# Very slow download for packages but not ports



## vpcd (Feb 18, 2016)

I have been using 10.2R without (m)any problems as my desktop workstation. Some time ago the download speed for binary packages deteriorated significantly, I am talking 50-120 KiB/s on a link that can achieve around 4 MiB/s. Since I don't install new and big packages very often I have put up with it, hoping that it will fix itself due to magic. It didn't, and today I needed to install a ~2 GiB package which would take 3 hours to complete, so I decided to investigate a bit and here is what I found:

Changing the PACKAGESITE to the one closer to me added some 30 KiB/s to the peak,
Downloading the package manually with a browser, wget, etc., is also very slow,
`make fetch` achieves full speed with no problems.
I found a thread where the similar problem was described and supposedly fixed with a mirror change, but that does not work for me.
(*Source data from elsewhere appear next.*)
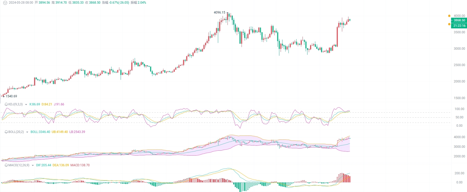 Looking at the market, as of press time, Ethereum was around 3870, yesterday's highest point was around 3980, and the lowest point was around 3820. Today's market has pulled back to yesterday's lowest line. If there is a rebound trend, it is possible to pull back to the support point near 0.618 to defend a wave. The EMA trend indicator continues to be bullish, and the EMA15 fast line has reached around 3570 and will continue to stretch. It can continue to explore temporarily and is expected to reach around 3660. The KDJ was blocked by the 3980 pressure level and fell downward. The trend reversed at a high level, and the MACD began to decline with a large volume. The K-line divergence indicator began to appear, indicating that there will be a large-scale wash in the next half month or so. In the short term, there will be a wave of highs to the 4000 mark, which is likely to break but not too high. The upper track of the Bollinger Band opening has moved up to around 4150, and the bottom support has raised the K-line. Don't lose yourself in the oscillating upward.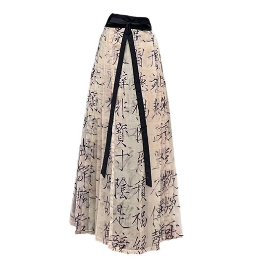 Vintage Character Print Pleated Lace Up Hanfu Skirt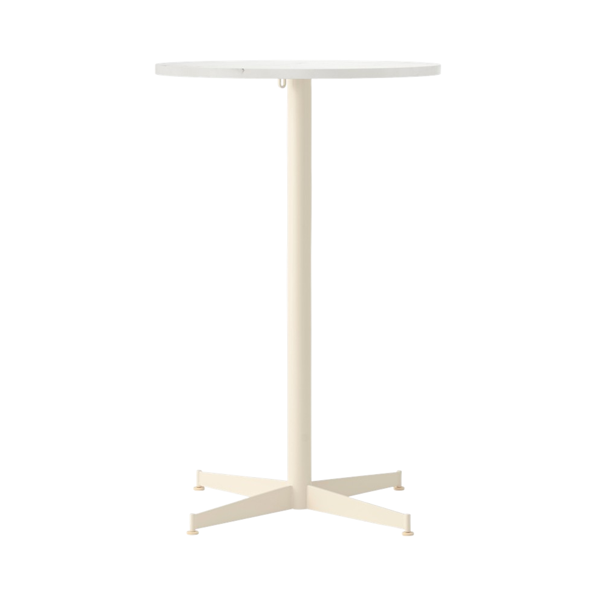 At the intersection of function and flow, the Nook Counter Table bridges the space between sitting and standing. Ideal for transitional zones — kitchens, cafés, studio workspaces — it brings refined simplicity to areas where adaptability is key. The monochrome base, offered in three finishes, pairs with a range of tactile tabletops from the Audo collection. Its minimal footprint and sculptural form make it an understated anchor in dynamic environments. Suitable for indoor and outdoor use.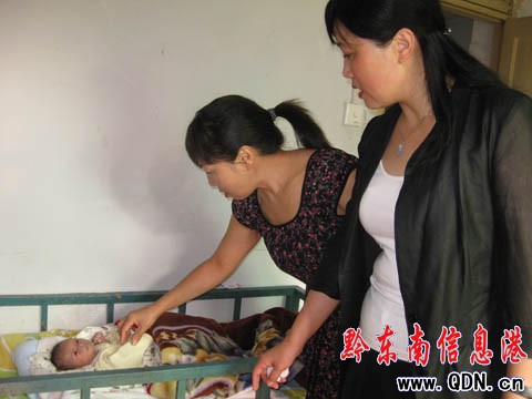州婦聯主席正在看一個被丟棄的患有丙干的棄嬰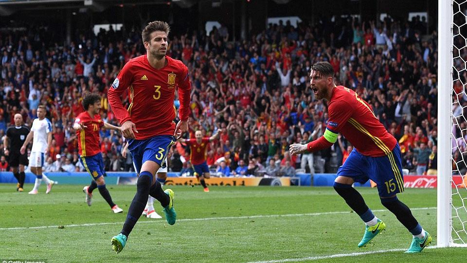 Sergio Ramos naik ke atas punggung Gerard Pique saat merayakan gol ke gawang Republik Ceko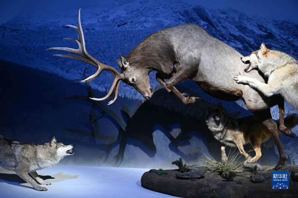11月16日在展覽上拍攝的天山馬鹿標本。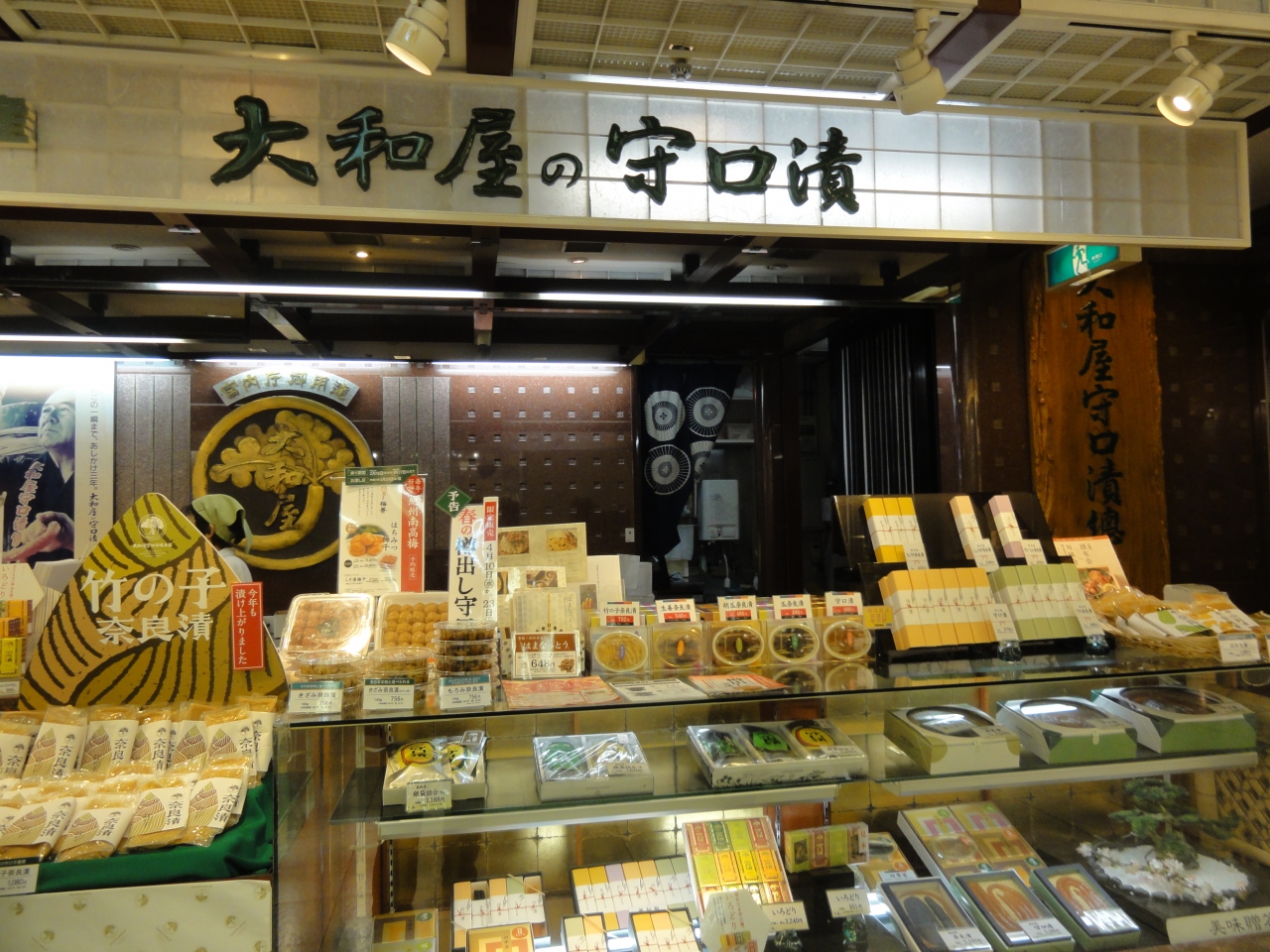 名古屋駅太閤通口からショッピングモールエスカの地下へ。老舗店舗の中にあった漬物店です。漬物苦手の私には縁のない店でしたが、名店を知る従妹は直行「食べてみたかったの」と筍の奈良漬を試食、筍をお土産に購入してました。

My configuration is standard, I didn't change or create any .../pkg/*.conf files.


----------



## SirDice (Feb 18, 2016)

Ports fetch their distfiles from the original upstream sources, packages are fetched from the FreeBSD repository servers. This can account for the differences in speed. The package repositories are all balanced based on GeoIP data, so you're bound to end up on the same, slow, server each time. 

Can you tell use which server you end up on?


----------



## tobik@ (Feb 18, 2016)

pkg.freebsd.org chooses a mirror near you. 

`drill _http._tcp.pkg.freebsd.org SRV` shows all available mirrors. You could try to set a fixed one in /etc/pkg/FreeBSD.conf as an experiment, but if this problem persists maybe open a bug report on https://bugs.freebsd.org (because uptime of individual mirrors is not guaranteed).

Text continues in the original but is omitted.